About this exercise
Counting only the lines below that contain the word "begrenzing", what is the total? Give it with no other words.
Segment Start: Given entries
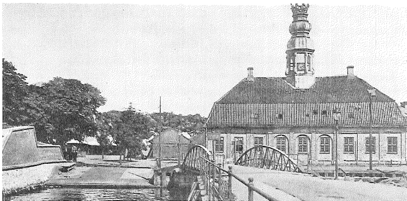
Nyholms vagt. Håndværkerne kom over broen ved bomløbet for at stille til mønstring ved beddingerne ved Nyholms vagt. I tilfælde af dårligt vejr blev et dispensationssignal hejst ved vagten. Gl. postkort.

The guard-house at Nyholm. Workers crossed the bridge to the guard-house where they reported for duty at the slips. When the weather was bad a dispensation signal was flown at the guard-house.
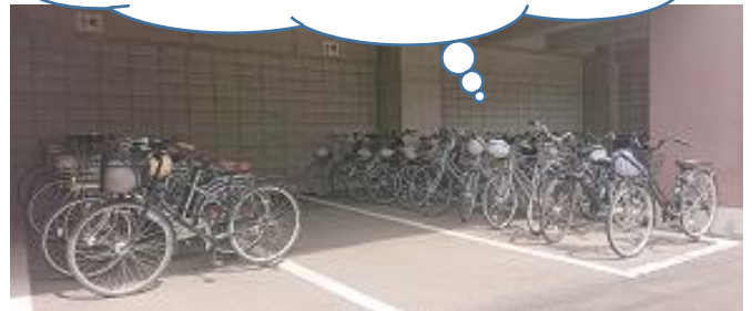
4月25日（月）の駐輪場のようす(2、3年生)

先週まで台数の多い2年生は枠からはみ出していましたが、今週は見事枠内に、きれいに収まっていました。
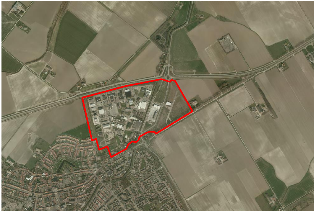
Afbeelding 9: Ligging en begrenzing bedrijventerrein Oostburg - Stampershoek

Het terrein is qua inrichting en soort bedrijven te karakteriseren als een regionaal georiënteerd bedrijventerrein. Er zijn vestigingsmogelijkheden voor lokaal en regionaal verzorgende bedrijvigheid. De gevestigde bedrijven zijn met name gericht op handel, opslag en dienstverlening. Grootschalige productiebedrijven komen op Stampershoek niet voor. Zie afbeelding 9 voor een weergave van de ligging en begrenzing van dit deelgebied.
Segment End: Given entries
Solution
2